I pulled him closer, touched by his words. He always knew what to say. And he always said it right. He brought me to the most magical places, and bought me the most magical things. Everything he did for me was perfect.
We looked at our reflection again. I touched the surface, very lightly, with my finger, and it sent tiny ripples through the image, partially distorting it for a moment. I sat, and waited, and after several seconds the reflection was back to its normal, true state.
I leaned in, wanting to see it closer up. I wanted to jump into the reflection where time didn’t pass, and we would be together forever. I didn’t want it to end. As I got closer to the water’s surface, I felt a sudden loosening around my neck. I put my hand up to stop it, but it was too late. The necklace, with its broken catch, dropped silently into the water, causing a slight splash that retreated into my face. The reflection, once still, shattered into a million tiny pieces as the necklace broke it up. I watched in horror as my necklace floated to the bottom of the lake, out of reach, and lost forever.
“...My necklace!” I didn’t take my eyes off the spot where it had fallen. “It’s...gone!”
And then I felt him take my hand, and move closer to me. I spoke out in panic, worried that I had upset him. “Can we get it back? Please? I don’t want to lose it...”

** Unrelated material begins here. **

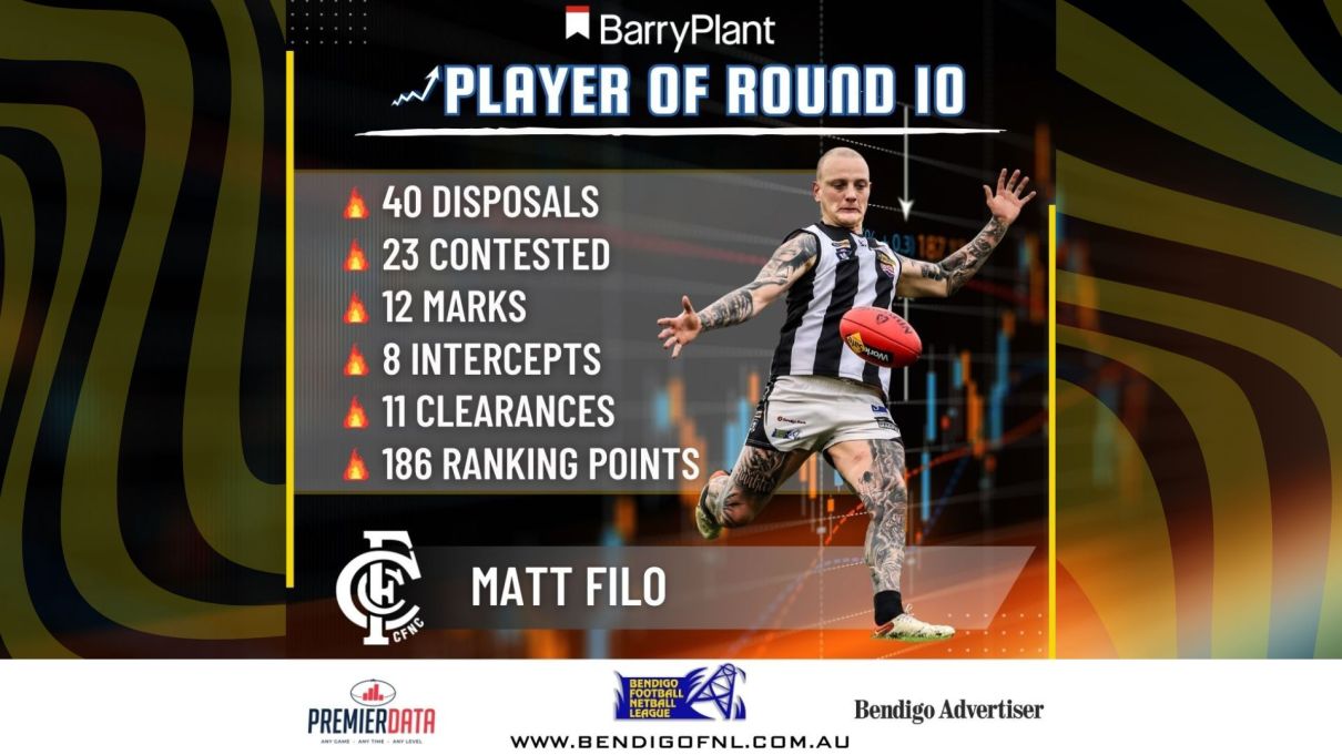 Barry Plant Bendigo Player of the Week is MATT FILO from the Castlemaine Football Netball Club

“Look at me. It’s gone now. Did you break it?”
“No! Well, it seemed looser earlier, but it didn’t feel broken. I guess the catch must have gone on it.”

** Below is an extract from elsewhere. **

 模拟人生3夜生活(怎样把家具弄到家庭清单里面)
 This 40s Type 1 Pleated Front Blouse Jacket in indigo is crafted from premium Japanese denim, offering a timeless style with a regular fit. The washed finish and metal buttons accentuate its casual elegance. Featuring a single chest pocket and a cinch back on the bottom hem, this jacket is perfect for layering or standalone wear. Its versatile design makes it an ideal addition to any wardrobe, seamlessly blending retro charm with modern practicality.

“But, you bought t for me! And it’s gone! Sorry. I had to go and ruin it all, didn’t I?”
“You didn’t ruin anything, silly. Look, it’s still there.”
“Yes, but that doesn’t mean we can get it back...”
He kissed me lightly on the cheek. “Make a wish.”
“Make a wish on the necklace. Maybe it’ll come true.”
“Okay...” I closed my eyes, and thought. There was only one thing I wanted, only one thing that was necessary for me to wish for. I spoke quietly under my breath, so that he couldn’t hear, and wished for eternal happiness with him. Always with him, never leaving his side. Nothing getting in between us, and nothing destroying what we had. Forever was what I wanted, and what I wished for. I opened my eyes again, wish completed. “I’ve made it.”
“Good. Don’t worry about the necklace, okay? You still have the meaning of it.”
“Yes, I do. Thank you. How long do we have?”
“About five hours. Want to just sit here together?”
“Yes, I’d like that.”
“Well that’s what we’ll do then.” He moved me so that my head rested against his chest, with his warm arms wrapped around me, and we sat there for the whole time, just being together. It was perfect. Even without the necklace, it was perfect.